╔══

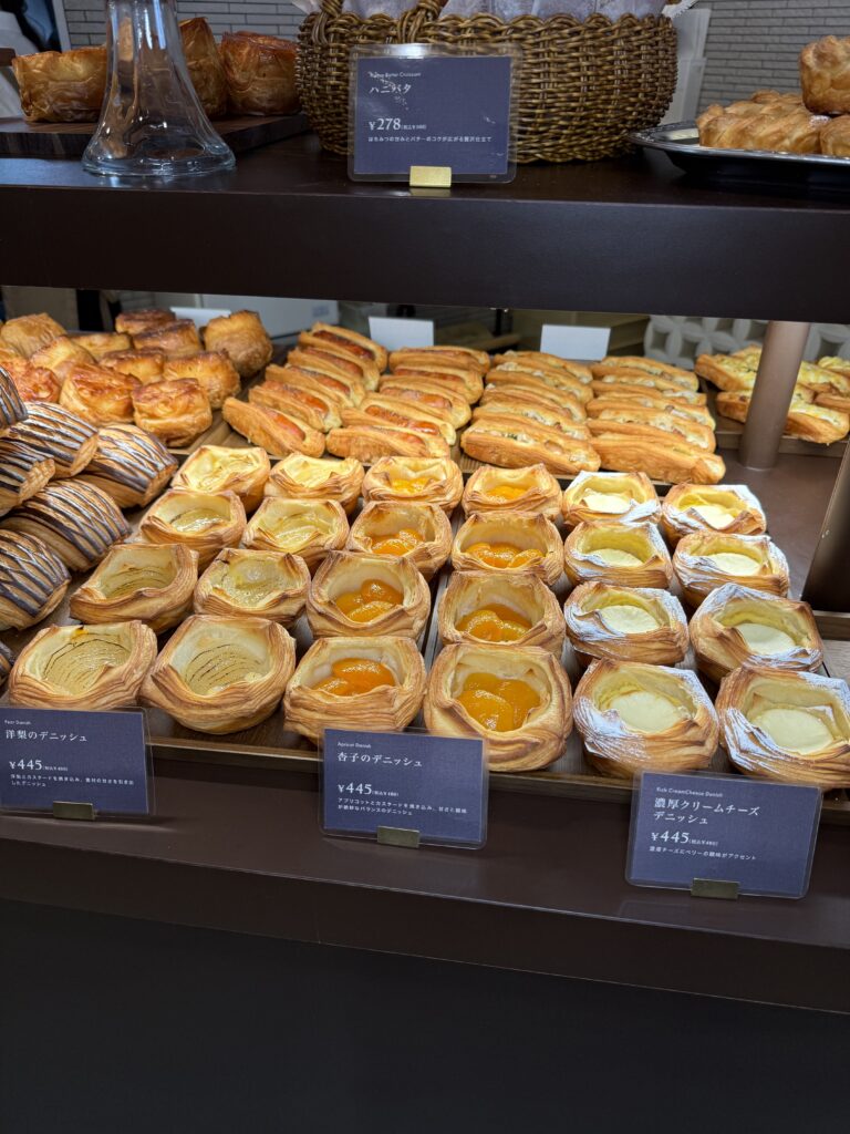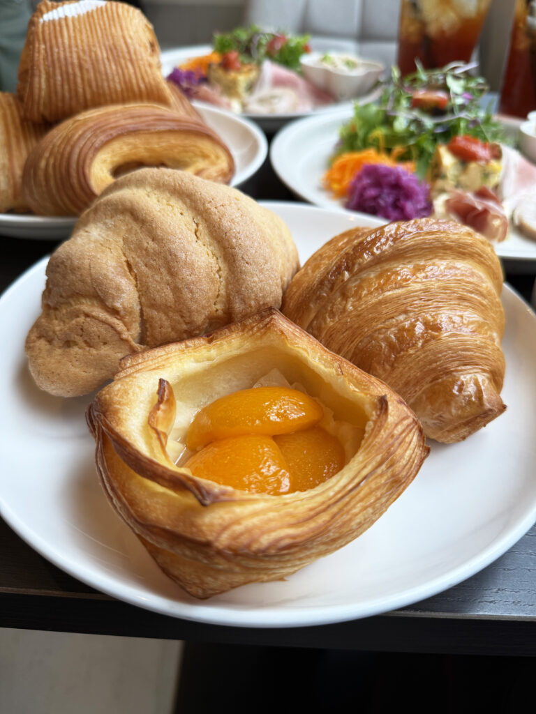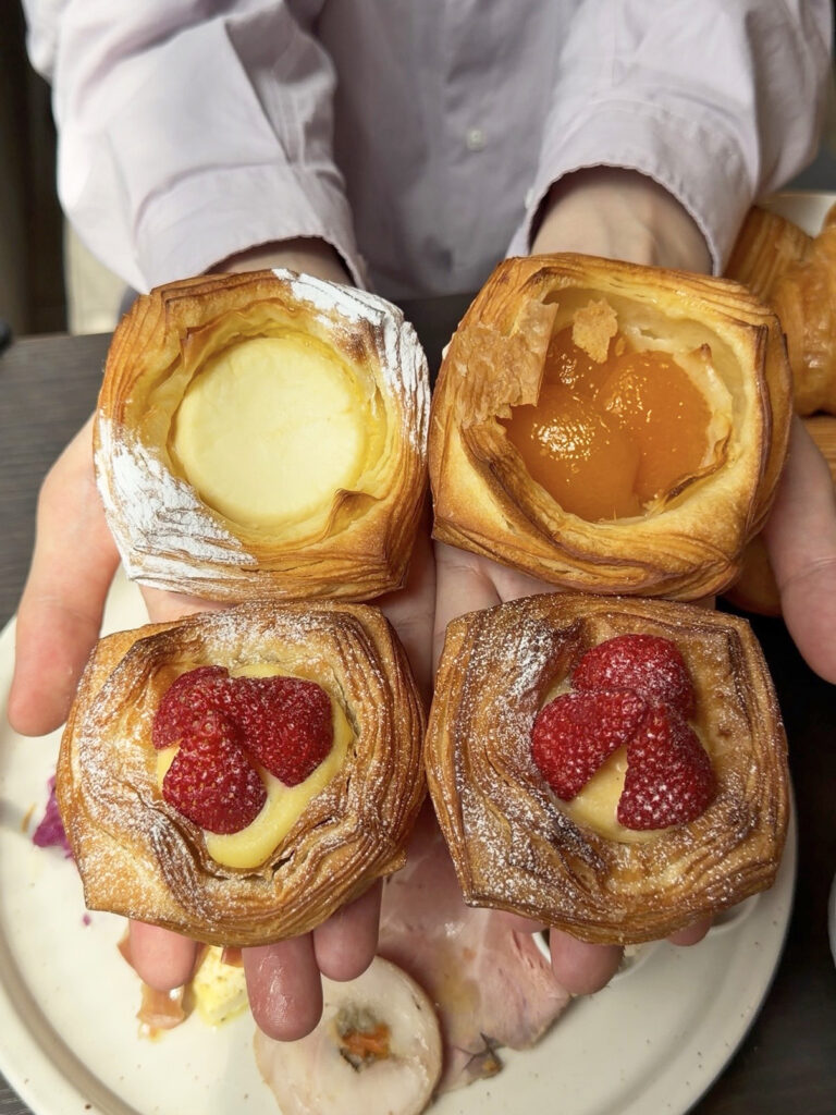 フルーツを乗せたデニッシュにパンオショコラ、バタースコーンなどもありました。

╚══
╔══

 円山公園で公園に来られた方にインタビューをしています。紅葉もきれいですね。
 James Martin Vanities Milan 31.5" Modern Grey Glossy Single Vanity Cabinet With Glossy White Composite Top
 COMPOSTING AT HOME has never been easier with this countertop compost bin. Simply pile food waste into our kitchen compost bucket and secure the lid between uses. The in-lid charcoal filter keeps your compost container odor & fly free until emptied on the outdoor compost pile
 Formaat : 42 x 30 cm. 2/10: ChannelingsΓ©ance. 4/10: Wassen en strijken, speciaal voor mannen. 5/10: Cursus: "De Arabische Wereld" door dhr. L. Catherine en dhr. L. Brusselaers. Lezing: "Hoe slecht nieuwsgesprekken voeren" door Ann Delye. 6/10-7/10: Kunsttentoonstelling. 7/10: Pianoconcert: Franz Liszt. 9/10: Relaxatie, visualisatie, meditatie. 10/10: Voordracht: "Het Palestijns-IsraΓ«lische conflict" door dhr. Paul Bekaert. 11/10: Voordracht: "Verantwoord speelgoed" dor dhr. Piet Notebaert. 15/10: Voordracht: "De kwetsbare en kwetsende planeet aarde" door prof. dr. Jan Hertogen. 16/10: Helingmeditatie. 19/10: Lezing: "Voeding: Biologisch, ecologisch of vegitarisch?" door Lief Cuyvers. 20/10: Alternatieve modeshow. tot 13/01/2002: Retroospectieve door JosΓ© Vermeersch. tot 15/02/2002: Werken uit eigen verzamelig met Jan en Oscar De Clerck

╚══

Task statement:
Above are the records; copy exactly the lines from the line with "円山公園で公園に来られた方にインタビューをしています。紅葉もきれいですね。" through the line with "James Martin Vanities", both included.

The answer:
 円山公園で公園に来られた方にインタビューをしています。紅葉もきれいですね。
 James Martin Vanities Milan 31.5" Modern Grey Glossy Single Vanity Cabinet With Glossy White Composite Top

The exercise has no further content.